Bengaluru institute developing software tool for zoonotic disease surveillance
BENGALURU: The post-Covid security infrastructure will involve beefing up of scientific and technical intelligence that will help in surveillance and early warning systems for health outbreaks that may impact lives and economy on a large scale in the country.
The Department of Bio-Technology, under the ‘Establishment of a Consortium for One Health to address Zoonotic and Transboundary Diseases in India, including the Northeast Region,’ has “approved a sampling plan and forecasting model for surveillance of infectious zoonotic diseases in humans by ICAR-NIVEDI, Bengaluru,” said Principal Scientist, National Institute of Veterinary Epidemiology & Disease Informatics (NIVEDI), Dr K P Suresh.

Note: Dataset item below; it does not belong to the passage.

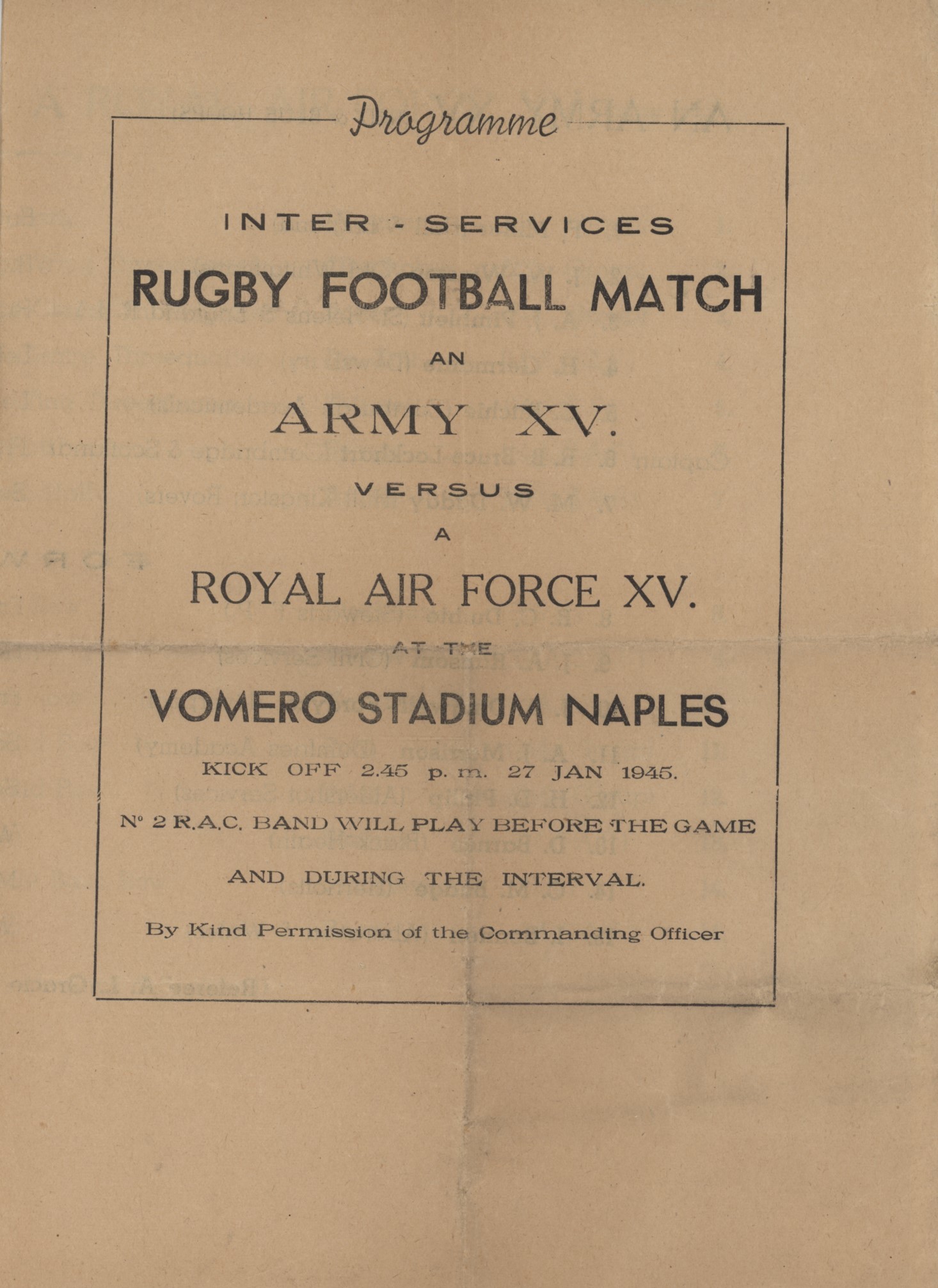 Original programme for the match played at the Vomero Stadium, Naples, on January 27th, 1945. The Army team was captained by R.B. Bruce-Lockhart, the Scottish international.

“The first-of-its-kind intelligence software tool will be styled on National Animal Disease Referral Expert System-v2 (NADRES-v2), which was developed by the ICAR-NIVEDI five years ago as a surveillance and forewarning system for livestock disease management. It will be used for surveillance and forecasting of zoonotic diseases in humans such as coronaviruses, brucellosis, TB, coxiellosis, cryptosporidiosis, cysticercosis, Japanese Encephalitis, leptospirosis, scrub typhus and listeriosis,” he said. The NADRES-v2 is real-time Artificial Intelligence (AI) and Machine Learning-enabled software which is used in forecasting of infectious livestock diseases two months in advance so as to prepare the stakeholders and help them initiate preventive measures.
“The National Centre for Disease Control, Ministry of Health and Family Welfare, had approached NIVEDI to develop a system to be used for forecasting of zoonotic diseases in humans,” said Principal Scientist, NIVEDI, Dr Sharangouda Patil. Suresh and Patil are involved in developing the software application.“The operational disease forewarning systems using AI, ML and data science are more feasible and economical to mitigate risk of epidemics, when the predictions are more precise and accurate,” said Dr Suresh.